Emission inputs for the simulations (for both the 12-km CONUS domain and the 4-km Southeast domain) were processed depending on the sensitivity of the sources to meteorology (Tong et al., 2015). For ‘static’ emission sources not strongly influenced by meteorological conditions, including mobile and area sources, the USEPA 2005 National Emission Inventories (NEIs) were used as the baseline emission data set. Mobile emissions and off-road engine emissions for nitrogen oxides (NO_x) were adjusted using the Cross-State Air Pollution Rule (CSAPR) projection factors (Pan et al., 2014), to reflect changes in emissions from the inventory year (2005) to the simulation period (Tong et al., 2015). For point source emission, the NEI05v1 data are used as the base year for Electricity Generation Units (EGUs) and non-EGU point sources. NO_x and sulfur dioxide (SO₂) emissions from EGU sources were upgraded with 2013 Continuous Emission Monitoring (CEM) data. The adjusted inventories were processed using the Sparse Matrix Operator Kernel Emissions (SMOKE) modelling system (Houyoux and Vukovich, 1999) to represent monthly, weekly, diurnal and holiday/non-holiday variations that are specific for each year. For wildfire smoke emissions, fire points and smoke plume locations were identified by the NOAA Hazard Mapping System (HMS) using satellite retrieval and human analysis (Ruminski et al., 2006). The HMS fire smoke products were processed through the U.S. Forest Service BlueSky (version 3.1) framework modelling system (Larkin et al., 2009; O’Neill et al., 2009) to produce near real-time wildfire smoke emissions for the simulations.

3.2. Simulation descriptions

In CAMx, the Zhang et al. (2001) algorithm is one of the selectable options for particle dry deposition. In this work, we implemented the Pleim and Ran (2011) and Petroff and Zhang (2010) algorithms as additional options for particle dry deposition within CAMx. An empirically based algorithm was also implemented in CAMx to explore how total deposition predictions of current air quality models may be affected if deposition velocity measurements over forests are correct. The empirical algorithm was created as a derivative of the Zhang et al. (2001) scheme by forcing the V_d curve as a function of particle diameter for all forest land use types occurring within the domain (evergreen needle, evergreen broadleaf, deciduous broadleaf, and mixed) to more closely represent the measurement data as shown in Fig. 8, in particular matching the data’s lack of a minimum in the accumulation mode above 0.2 µm.

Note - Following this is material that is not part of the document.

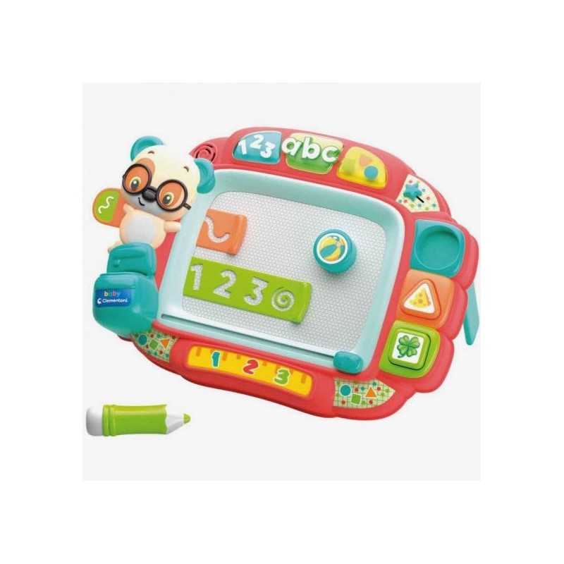 Juego 2 en 1: una pizarra para los más pequeños y un centro de actividades electrónico. Una colorida pizarra para aprender a pintar, con un lápiz magnético que se puede borrar; pero a la vez es un centro de actividades con canciones, ritmos infantiles; y muchos conocimientos sobre números, formas y letras. La primera pizarra creada para bebés. Una ayuda excelente para introducir a los más pequeños en el dibujo, con divertidas formas y guías que ayudarán a los más pequeños con el movimiento de las manos. Melodías, sonidos y efectos luminosos para llamar la atención del bebé, a la vez que muchas otras funciones le ayudarán a perfeccionar sus habilidades motoras. Todas las actividades, componentes y botones se han estudiado para facilitar el juego sin esfuerzo. Además del dibujo a mano alzada, los bebés podrán también utilizar las reglas extraíbles, las plantillas y las formas magnéticas; que contribuirán al aprendizaje mientras juegan. Edad recomendada: +18 meses.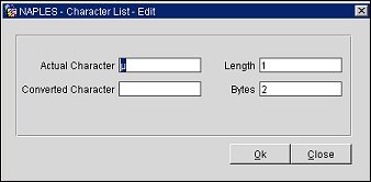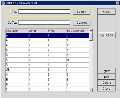 At the Character List screen you can search for characters that have been set up, create new character mapping, delete existing mapping, and edit existing mapping. You can also view the ASCII List of Characters for reference.

This was accomplished by including an additional collection efficiency, $E_{unk}$ for an unknown process into the expression for the surface resistance (9) $$R_s=\frac{1}{{\alpha }_0{u}_{*}\left(E_B+E_{IN}+E_{IM}+E_{unk}\right)}.$$(9)

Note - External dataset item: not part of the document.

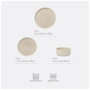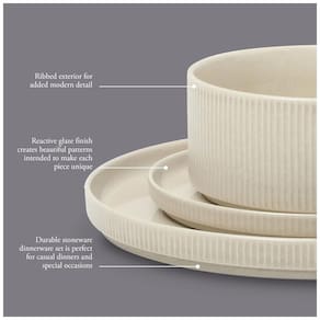 Imagine uma cidade costeira pitoresca, com seu estilo de vida tranquilo e um sol radiante, como fonte de inspiração para design e inovação. A Coleção de Jantar Solana Coast Reactive captura o charme intocado de uma cidade à beira-mar e o traduz em elegante louça, perfeita tanto para refeições internas quanto externas. O acabamento de alto brilho reflete o sol nas águas calmas, adicionando um brilho radiante a cada peça. Feita de argilas terrosas, esta coleção se transforma em deslumbrante cerâmica que complementa qualquer mesa, realçando a vivacidade de cada prato. Sua fabricação requer um processo complexo, no qual as peças são queimadas várias vezes em altas temperaturas para criar uma construção perfeitamente resistente ao desgaste e não porosa. Uma camada de esmalte reativo finaliza o processo, permitindo que cada prato e tigela ganhem vida com sutis variações naturais, garantindo que nenhuma peça seja igual à outra. Projetada com laterais altas e retas para empilhamento fácil e nervuras exteriores para adicionar profundidade e textura, esta coleção alcança o equilíbrio perfeito entre elegância clássica e estilo contemporâneo. Este conjunto de jantar, como um conjunto de peças essenciais para o lar, é um presente de bom gosto para qualquer ocasião. Amado por sua utilidade prática e apelo decorativo, ele expressa seu gosto impecável e bons desejos para familiares, amigos, novos proprietários e recém-casados. Lavável em lava-louças e micro-ondas. Genuine sophisticated and thoughtfully versatile, Gibson Elite oferece uma mistura elegante de forma e função para uma infinidade de louças, utensílios de servir e acessórios de mesa. Qualidade na seleção de materiais e estética elegante em designs e técnicas de esmaltação proporcionam infinitas possibilidades para arranjos de mesa criativos e ocasiões de jantar.

Fig. 8. Example of the empirical representation of V_d (cm s⁻¹) as a function of particle diameter D_p (µm), using the algorithm of Zhang et al. (2001) but including an additional efficiency for an ‘unknown’ process, thereby forcing the V_d(D_p) function to more closely represent data obtained over forests (u* = 60 cm s⁻¹).

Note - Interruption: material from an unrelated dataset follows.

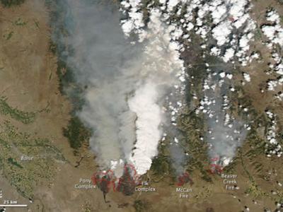 飞行测绘地图显示美国大型野火散发出来的烟雾中的甲醛浓度 据新浪科技:美国国家...

The unknown process collection efficiency was constructed as a logistic equation (see Fig. S-1 and the equation in the Supplement) with particle size as the independent variable so that the resulting V_d(D_p) more closely represented the data as shown in Fig. 8. Using this approach, variation of the other collection efficiencies with respect to input variables (e.g. friction velocity, see Fig. S-2 in the Supplement) remains similar to the original Zhang et al. (2001) algorithm. The unknown collection efficiency was only included in the V_d calculation for grid cells with forested land use types, leaving deposition velocities for grid cells of all other land use types calculated as in the original Zhang et al. (2001) algorithm.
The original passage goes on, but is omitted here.